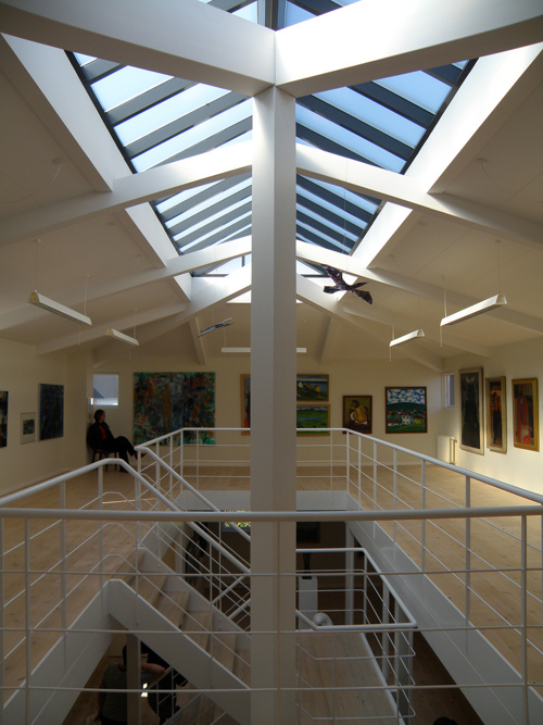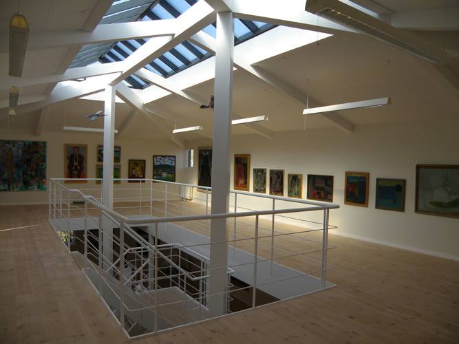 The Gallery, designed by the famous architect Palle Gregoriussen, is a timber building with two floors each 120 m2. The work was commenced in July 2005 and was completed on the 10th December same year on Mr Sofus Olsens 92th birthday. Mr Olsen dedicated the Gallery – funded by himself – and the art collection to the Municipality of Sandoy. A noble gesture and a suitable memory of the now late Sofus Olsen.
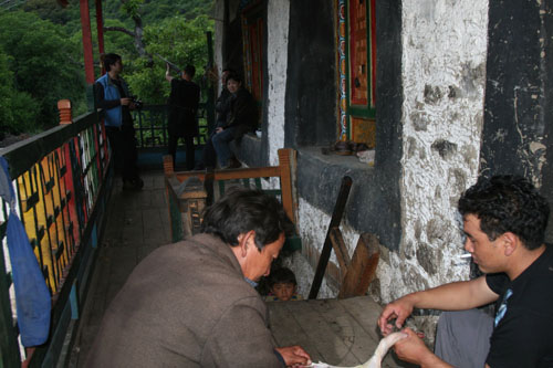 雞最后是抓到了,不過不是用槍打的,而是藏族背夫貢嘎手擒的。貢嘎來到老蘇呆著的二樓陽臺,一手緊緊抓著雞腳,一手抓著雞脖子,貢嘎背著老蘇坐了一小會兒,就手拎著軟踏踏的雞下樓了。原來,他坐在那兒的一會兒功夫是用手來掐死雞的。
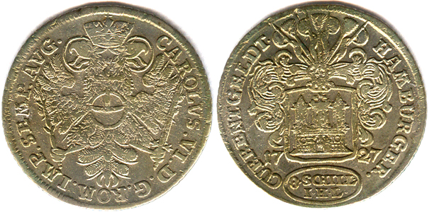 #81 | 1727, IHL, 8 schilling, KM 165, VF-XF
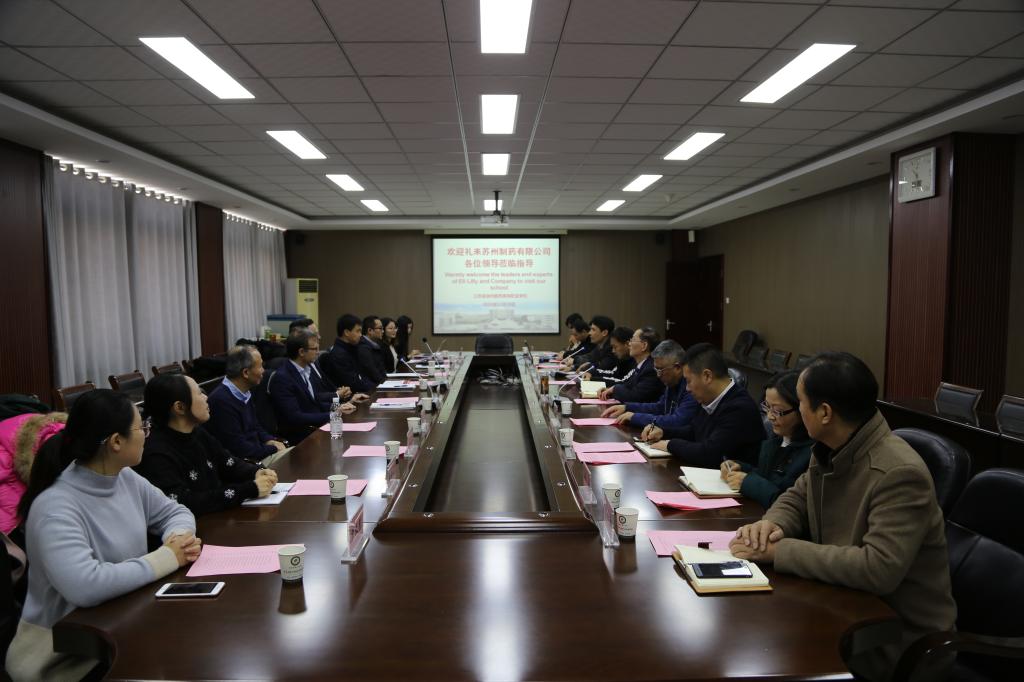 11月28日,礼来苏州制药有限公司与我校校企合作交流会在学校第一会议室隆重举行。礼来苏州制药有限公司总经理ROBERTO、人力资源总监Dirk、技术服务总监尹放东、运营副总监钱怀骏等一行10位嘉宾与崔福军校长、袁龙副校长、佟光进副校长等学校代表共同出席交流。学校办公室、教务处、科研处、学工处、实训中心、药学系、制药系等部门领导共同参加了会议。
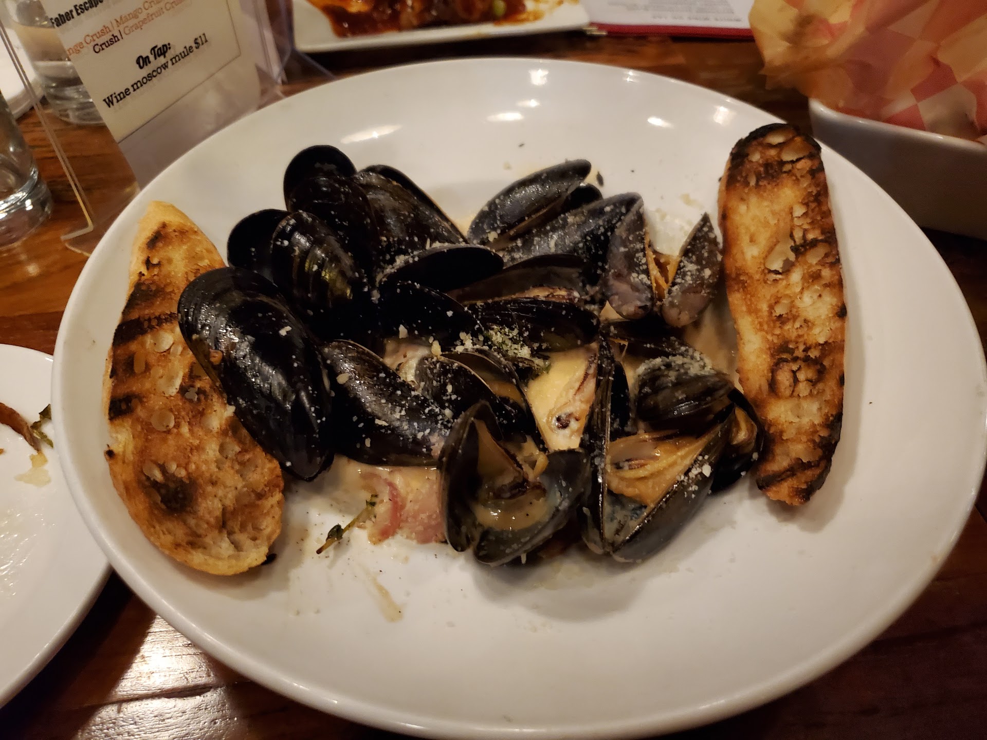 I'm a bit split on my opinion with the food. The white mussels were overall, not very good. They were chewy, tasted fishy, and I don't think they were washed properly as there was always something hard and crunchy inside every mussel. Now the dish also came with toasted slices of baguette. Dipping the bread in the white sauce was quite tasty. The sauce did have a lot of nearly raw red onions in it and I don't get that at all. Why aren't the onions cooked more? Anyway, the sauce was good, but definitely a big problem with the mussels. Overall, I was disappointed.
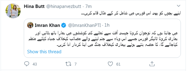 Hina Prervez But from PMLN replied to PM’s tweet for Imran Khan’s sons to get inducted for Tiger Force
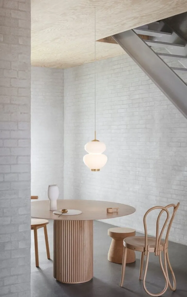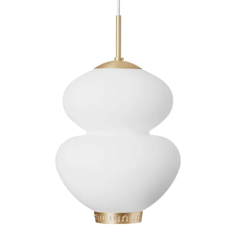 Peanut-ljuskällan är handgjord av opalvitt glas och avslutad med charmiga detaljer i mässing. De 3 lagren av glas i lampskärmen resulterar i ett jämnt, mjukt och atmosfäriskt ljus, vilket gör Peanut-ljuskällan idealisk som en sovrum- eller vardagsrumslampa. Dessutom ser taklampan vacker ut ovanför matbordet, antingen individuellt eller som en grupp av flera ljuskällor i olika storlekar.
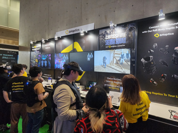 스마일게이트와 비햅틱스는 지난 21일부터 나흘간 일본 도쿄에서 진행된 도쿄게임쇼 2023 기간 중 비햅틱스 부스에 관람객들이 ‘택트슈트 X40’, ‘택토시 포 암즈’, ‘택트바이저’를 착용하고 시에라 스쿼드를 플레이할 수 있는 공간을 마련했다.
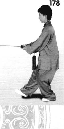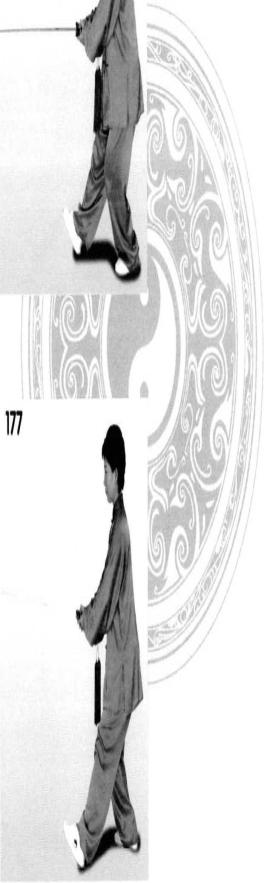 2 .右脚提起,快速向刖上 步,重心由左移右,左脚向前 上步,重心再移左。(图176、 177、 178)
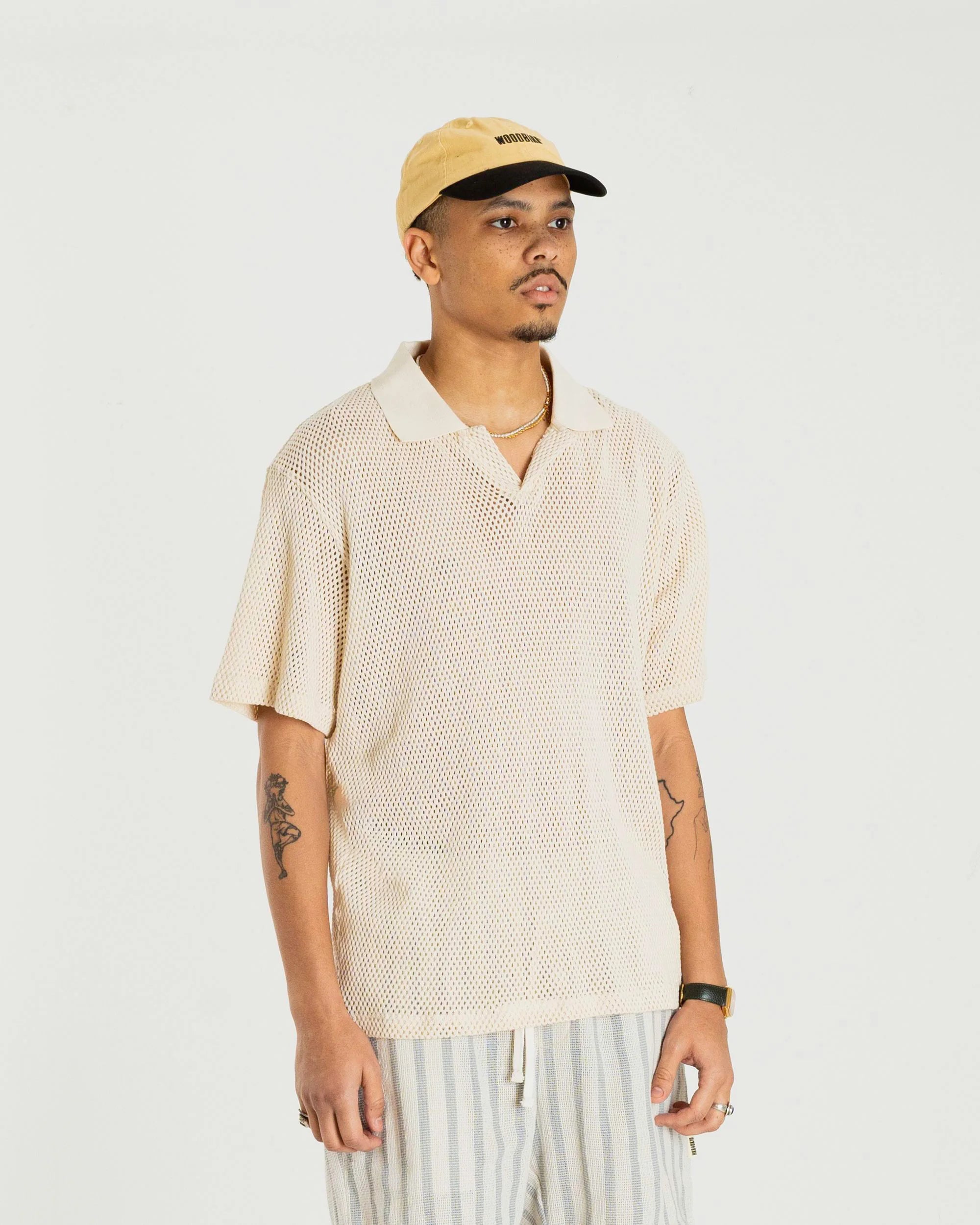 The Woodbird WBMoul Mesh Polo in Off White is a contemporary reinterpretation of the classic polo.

__________________________________________________

▸ What the task asks:
Give back the exact lines above, running from the one that has "11月28日,礼来苏州制药有" through the one that has "I'm a bit split", with nothing added and no pictures.

▸ Solution below:
 11月28日,礼来苏州制药有限公司与我校校企合作交流会在学校第一会议室隆重举行。礼来苏州制药有限公司总经理ROBERTO、人力资源总监Dirk、技术服务总监尹放东、运营副总监钱怀骏等一行10位嘉宾与崔福军校长、袁龙副校长、佟光进副校长等学校代表共同出席交流。学校办公室、教务处、科研处、学工处、实训中心、药学系、制药系等部门领导共同参加了会议。
 I'm a bit split on my opinion with the food. The white mussels were overall, not very good. They were chewy, tasted fishy, and I don't think they were washed properly as there was always something hard and crunchy inside every mussel. Now the dish also came with toasted slices of baguette. Dipping the bread in the white sauce was quite tasty. The sauce did have a lot of nearly raw red onions in it and I don't get that at all. Why aren't the onions cooked more? Anyway, the sauce was good, but definitely a big problem with the mussels. Overall, I was disappointed.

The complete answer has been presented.